■ **Task details**
Extract, in full, the lines below, beginning at the first and ending with the line that contains "除了在线下零售门店建设外,K". Pictures do not belong in the copy.

■ **Supplied records**
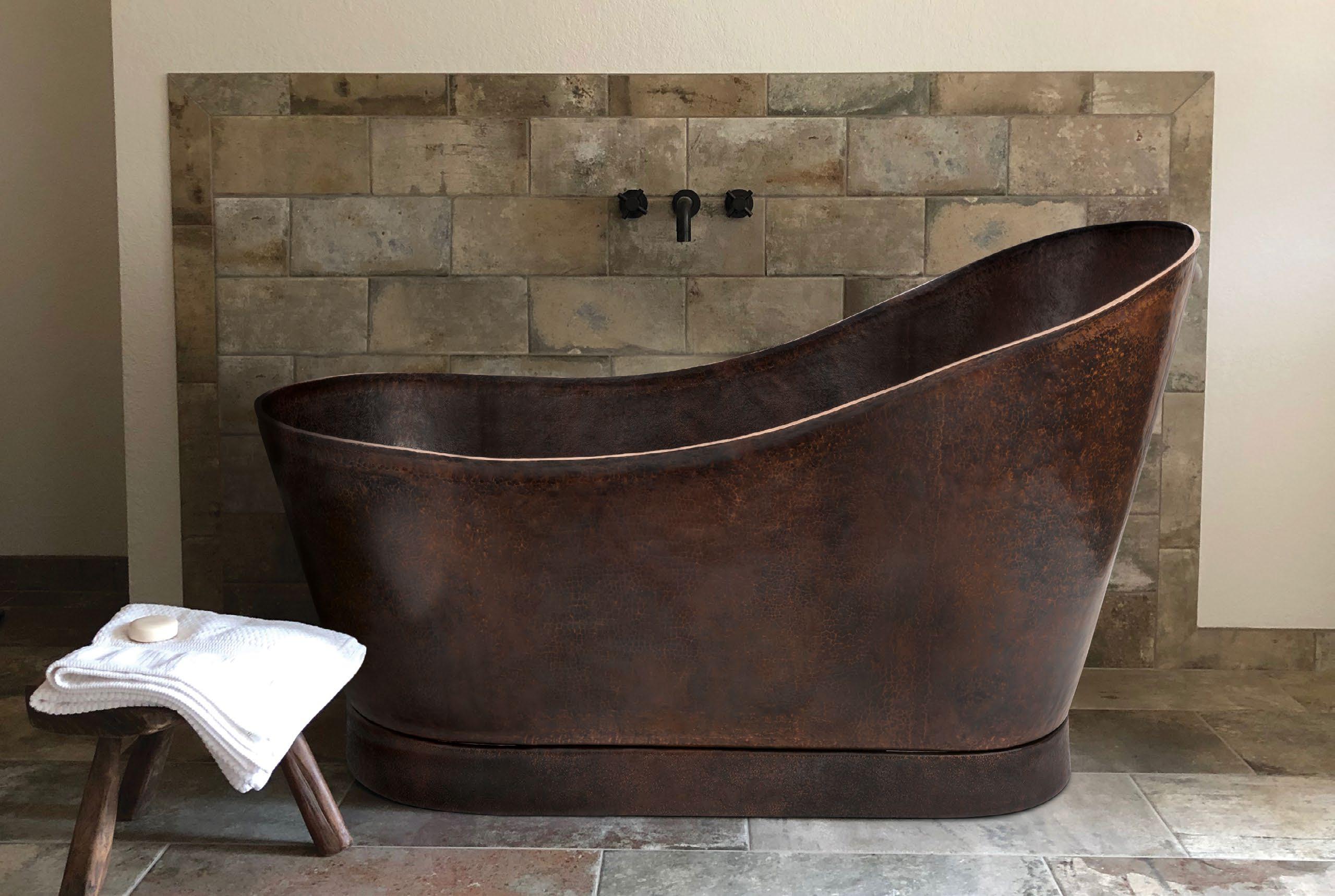 68” Half Moon Free Standing Copper Single Slipper Bathtub TFBTS68DB
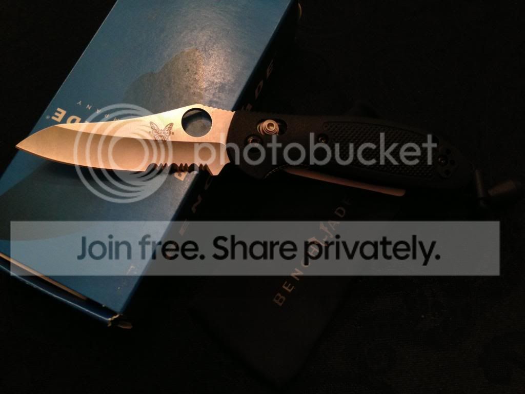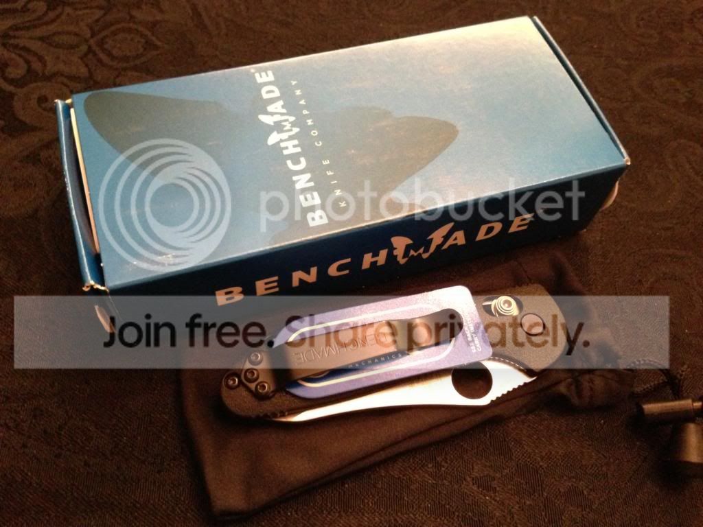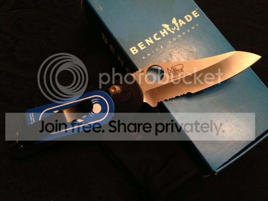 Benchmade Pardue Design Mini-Griptillian Combo Edge. This is also in pretty much new shape, I've used it for some paper but that's all. Great EDC knife.
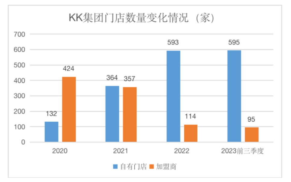 除了在线下零售门店建设外,KK集团还不断大规模扩充自有门店数量。招股书显示,截至2023年3月31日,KK集团旗下自有门店总数较2020年的132家增长高达350.76%,达595家。
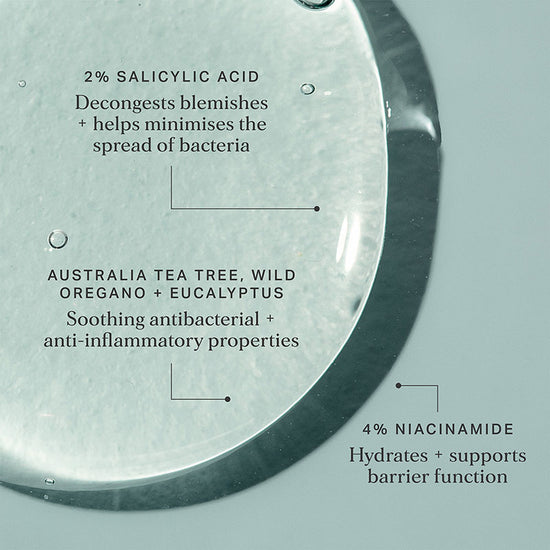 A combination of antiseptic Wild Oregano, anti-bacterial Eucalyptus, Tea Tree and 2% pore-clearing Salicylic Acid help to reduce excess sebum and acne causing bacteria while Zinc, Licorice and Vitamin B3 work to soothe and may help prevent further blemishes. The perfect spot treatment for oily, blemish-prone skin.
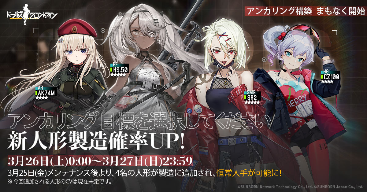 株式会社サンボーンジャパンは、スマホ向け戦略型シミュレーションゲーム『ドールズフロントライン(以下、「ドルフロ」)』において、3月25日(金)より新たな人形4名の追加と、それに伴う確率UPイベントの開催についてお知らせいたします。
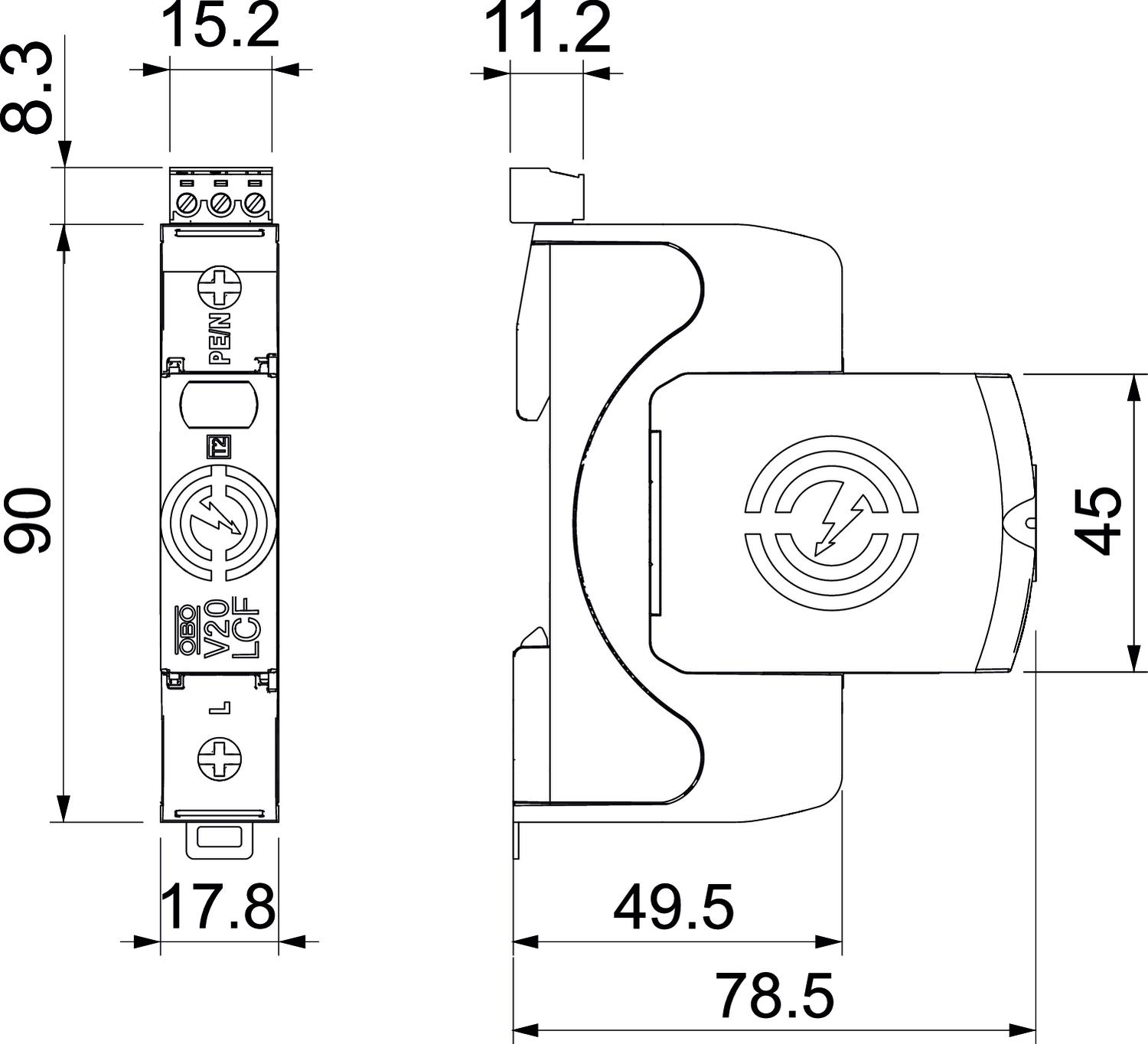 • Ableitvermögen bis 30 kA (8/20) pro Pol durch hochleistungsfähige Reihenschaltung aus Varistor und Funkenstrecke
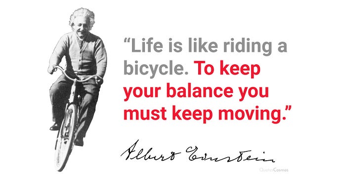 이것은 아인슈타인이 1930년 2월 5일에 아들 에두아르트에게 쓴 편지에서 인용한 것입니다. 그는 아들에게 "인생은 자전거를 타는 것과 같아. 균형을 유지하려면 계속 움직여야 해."라고 격려합니다. Walter Isaacson의 책 Einstein: His Life and Universe (2007) 367쪽에서 발췌
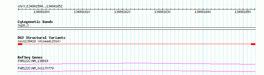 Variant DetailsVariant: nsv1139419| Internal ID | 19280673 | | Landmark | | | Location Information | | | Cytoband | Xq26.3 | | Allele length | | Assembly | Allele length | | hg38 | 59 | | hg19 | 59 |
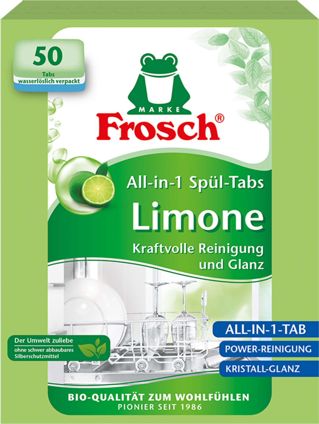 Las pastillas para lavavajillas todo en 1 de Frosch utilizan extractos de lima para eliminar incluso las incrustaciones y grasas más rebeldes en muy poco tiempo y tienen un delicado aroma a lima.

■ **Task output**
 68” Half Moon Free Standing Copper Single Slipper Bathtub TFBTS68DB
 Benchmade Pardue Design Mini-Griptillian Combo Edge. This is also in pretty much new shape, I've used it for some paper but that's all. Great EDC knife.
 除了在线下零售门店建设外,KK集团还不断大规模扩充自有门店数量。招股书显示,截至2023年3月31日,KK集团旗下自有门店总数较2020年的132家增长高达350.76%,达595家。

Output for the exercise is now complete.